La protection et la valorisation de la propriété intellectuelle doivent également être renforcées pour éviter les fuites préjudiciables. Enfin, encourager l’adoption technologique dans les PME traditionnelles pourrait créer un effet multiplicateur important sur l’économie.
Il faut aussi repenser les partenariats internationaux. Accueillir des investissements étrangers reste positif, à condition qu’ils s’accompagnent de transferts de connaissances et de développement de capacités locales. L’objectif n’est pas l’autarcie, mais une interdépendance équilibrée qui préserve les intérêts nationaux.
Le rôle des institutions comme MaRS
Des organisations comme MaRS Discovery District jouent un rôle clé dans la mise en relation des acteurs et la stimulation des collaborations. En organisant ce type d’événements, elles contribuent à faire émerger un consensus sur les actions prioritaires. Leur position au cœur de l’écosystème torontois leur permet d’influencer positivement les orientations futures.
Ces discussions ouvertes et parfois critiques sont nécessaires pour progresser. Reconnaître les faiblesses actuelles constitue la première étape vers leur résolution. Le Canada possède tous les atouts pour devenir un leader dans certains domaines technologiques ; il lui reste à les mobiliser de manière plus stratégique.

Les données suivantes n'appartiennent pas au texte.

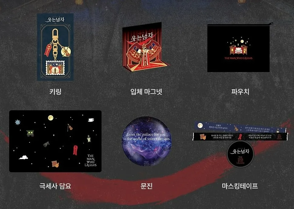 웃는남자 MD 는 대본집, 악보집, 포스터, 문진, 마스팅 테이프등 정말 다양했습니다.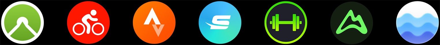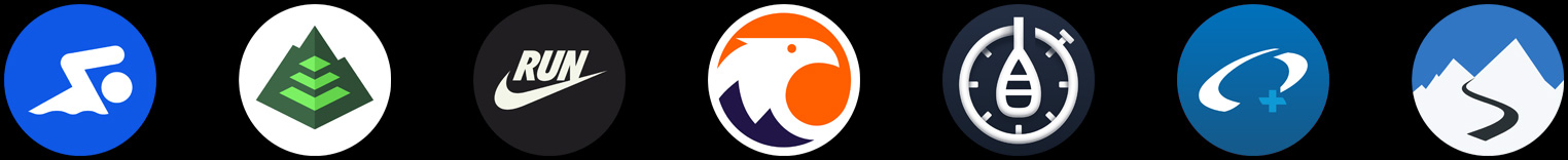 التطبيقات المعروضة: Komoot وMapMyRide وStrava وSwim.com وSmartGym وAllTrails وتطبيق المد والجزر وMySwimPro وGaia GPS وNike Run Club وPalisades وPaddle Logger و+Oceanic وتمرين التزلج على الجليد.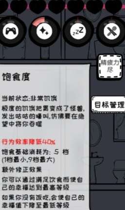 饥饿程度到10会死亡。
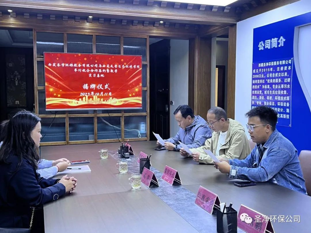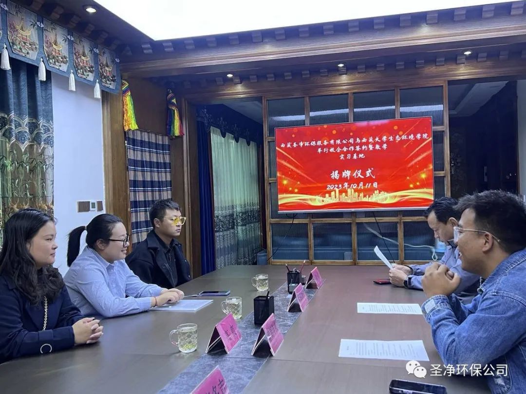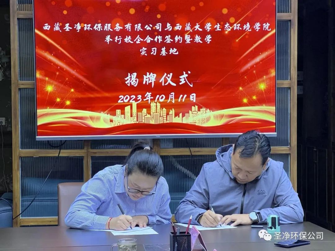 為進一步加強學校與企業(yè)的合作,適應產(chǎn)業(yè)發(fā)展的需求,共同做好畢業(yè)生的就業(yè)工作,并建立長期的人力資源供需協(xié)作關(guān)系,優(yōu)化企業(yè)的人力資源管理,充分發(fā)揮各自優(yōu)勢,促進雙方事業(yè)的共同發(fā)展。2023年10月11日,西藏圣凈環(huán)保服務(wù)有限公司與西藏大學生態(tài)環(huán)境學院校企合作簽約暨教學實習基地揭牌儀式在我司會議室舉行。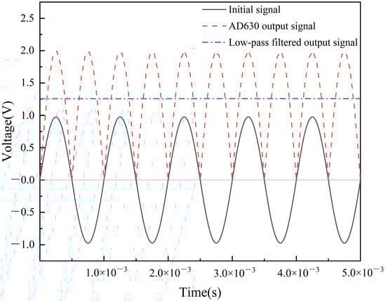 Figure 6 shows that the initial sinusoidal voltage signal is converted to a half-wave positive voltage signal with a voltage amplitude of 2 V after passing through the AD630 chip. After the low-pass filter, the voltage amplitude is 1.257 V. In the AD630 conditioning circuit, the frequency and phase of the modulating signal significantly affect the output signal. In Figure 7, the modulating signal has the same frequency as the input signal, and the phase difference is 0° when the output signal is a positive half-wave voltage. When the phase difference between the modulating signal and the input signal is 180°, the output signal is a negative half-wave voltage.

Un appel à l’action collectif
L’heure n’est plus aux constats pessimistes mais à une mobilisation générale. Entrepreneurs, chercheurs, investisseurs et décideurs politiques doivent travailler main dans la main pour transformer les défis actuels en opportunités. Le contexte géopolitique et économique rend cette transformation encore plus urgente.
Les prochaines années seront déterminantes. Le Canada peut-il passer du statut de nation riche en ressources à celui de puissance technologique innovante ? La réponse dépendra largement des choix qui seront faits dans les mois et années à venir. Les discussions initiées lors de ce panel MaRS constituent un excellent point de départ pour définir une vision ambitieuse et réaliste.
En développant des entreprises comme Blue J, en retenant ses talents les plus brillants et en négociant mieux ses partenariats internationaux, le Canada peut espérer occuper une place plus enviable dans l’économie numérique mondiale. L’innovation n’est pas une option, elle est devenue une nécessité vitale pour préserver la prospérité et l’autonomie du pays.
Les leaders tech qui se sont exprimés ont montré à la fois lucidité sur les difficultés actuelles et optimisme sur les possibilités futures. Leur message est clair : il est temps d’agir avec ambition et cohérence pour que le Canada ne soit plus seulement un terrain d’accueil pour les technologies étrangères, mais un créateur reconnu à l’échelle internationale.
Cette transition exigera des investissements soutenus, des politiques courageuses et une collaboration étroite entre tous les acteurs de l’écosystème. Mais les fondations existent déjà : un excellent système éducatif, des chercheurs de talent et des entrepreneurs déterminés. Il reste à les assembler dans une stratégie nationale cohérente et ambitieuse.
Le débat lancé par ce panel ne fait que commencer. Il faudra suivre attentivement les initiatives qui en découleront, qu’elles viennent du secteur privé, des universités ou des gouvernements. L’avenir technologique du Canada se joue maintenant, et chaque décision compte.